● **Task to carry out**
Retype only the lines that run from the top of the material below to the line bearing "Weidmüller schakelkast leeg, aluminium, grijs, (hxbxd)", inclusive, and keep the pictures out.

::: Available data :::

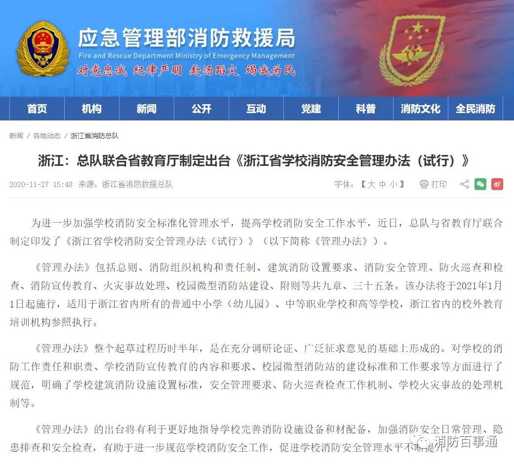 為進一步加強學校消防安全管理,提高學校消防安全工作水平,結合浙江教育實際,我廳會同省應急管理廳、省消防救援總隊聯合制定出臺《浙江省學校消防安全管理辦法(試行)》(以下簡稱《管理辦法》)。
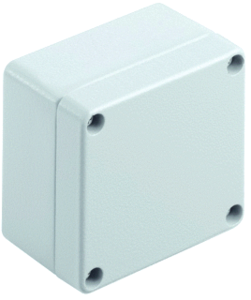 Weidmüller schakelkast leeg, aluminium, grijs, (hxbxd) 70x70x45mm, geschikt voor buitenopstelling, beschermingsgraad (IP) IP66, kwaliteit overig, koppelbaar, slagvastheid IK09, warmteverlies-vermogen (?T=20K) vol 6W, beschermingsgraad (NEMA) 4, uitvoering oppervlakte poedercoating
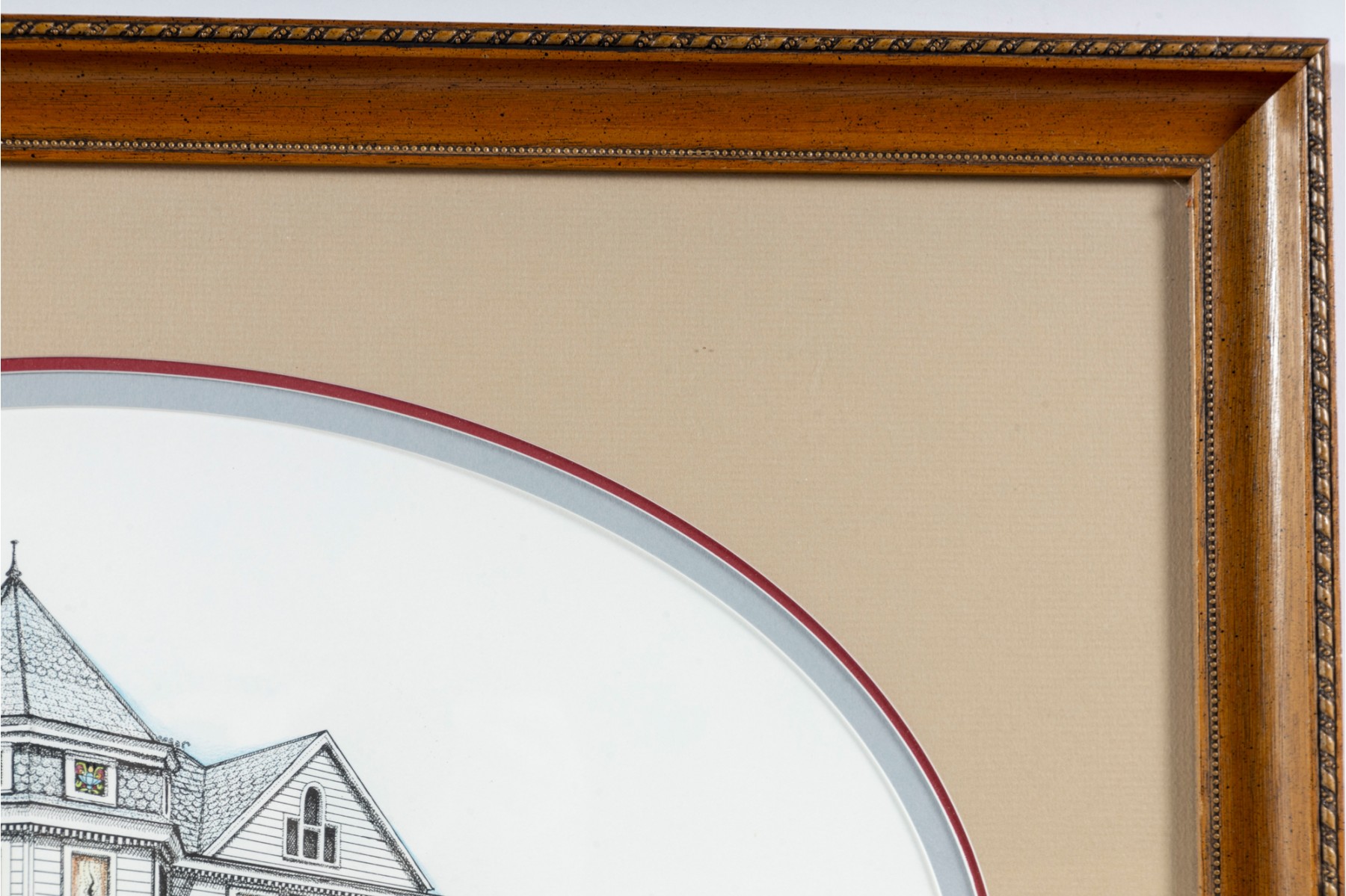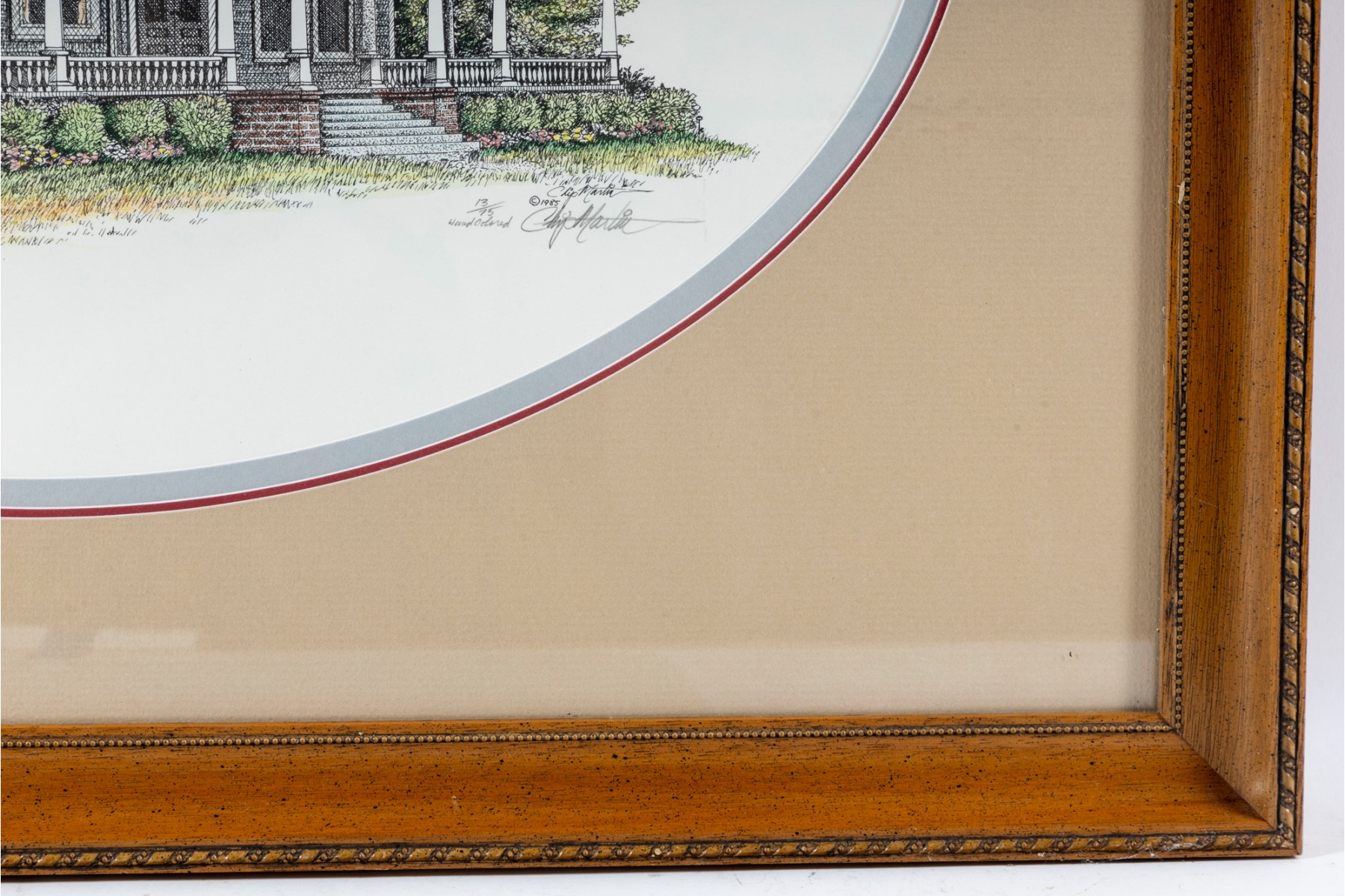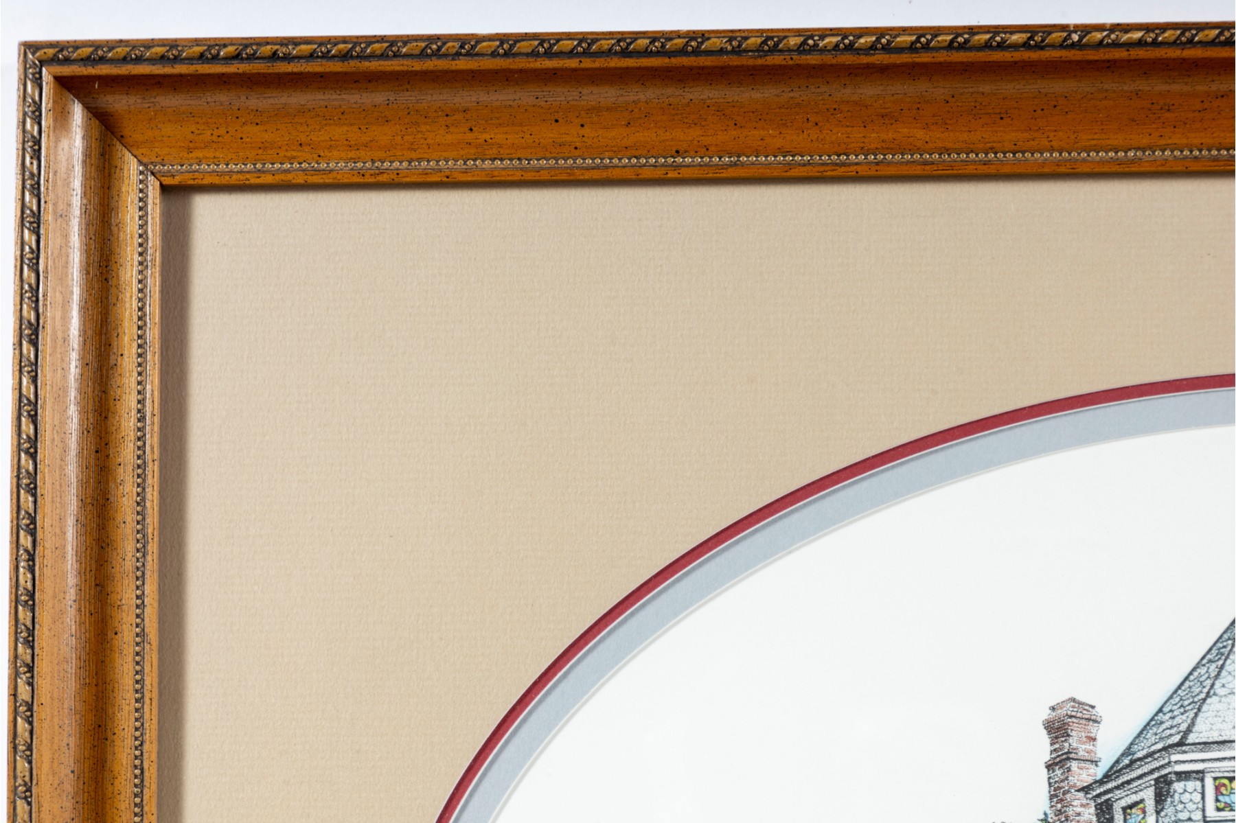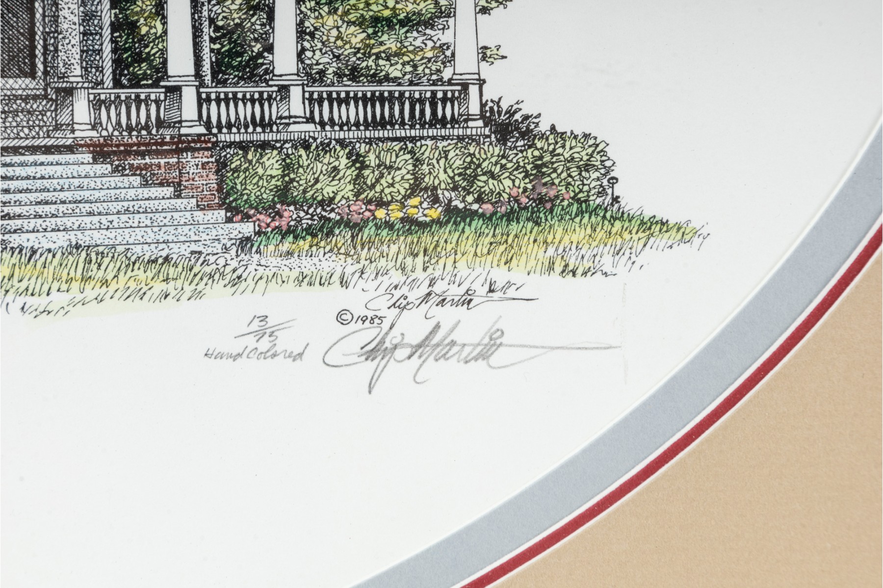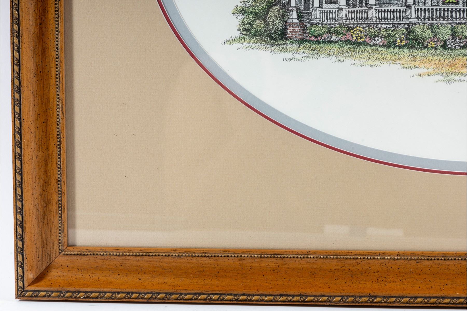 A limited edition pencil signed and hand-colored lithograph numbered 13/75. The artwork depicts a detailed country estate set within a wood frame, faced with glass and accented with oval mat-borders. See photos for signature details.

:::

● **Expected answer**
 為進一步加強學校消防安全管理,提高學校消防安全工作水平,結合浙江教育實際,我廳會同省應急管理廳、省消防救援總隊聯合制定出臺《浙江省學校消防安全管理辦法(試行)》(以下簡稱《管理辦法》)。
 Weidmüller schakelkast leeg, aluminium, grijs, (hxbxd) 70x70x45mm, geschikt voor buitenopstelling, beschermingsgraad (IP) IP66, kwaliteit overig, koppelbaar, slagvastheid IK09, warmteverlies-vermogen (?T=20K) vol 6W, beschermingsgraad (NEMA) 4, uitvoering oppervlakte poedercoating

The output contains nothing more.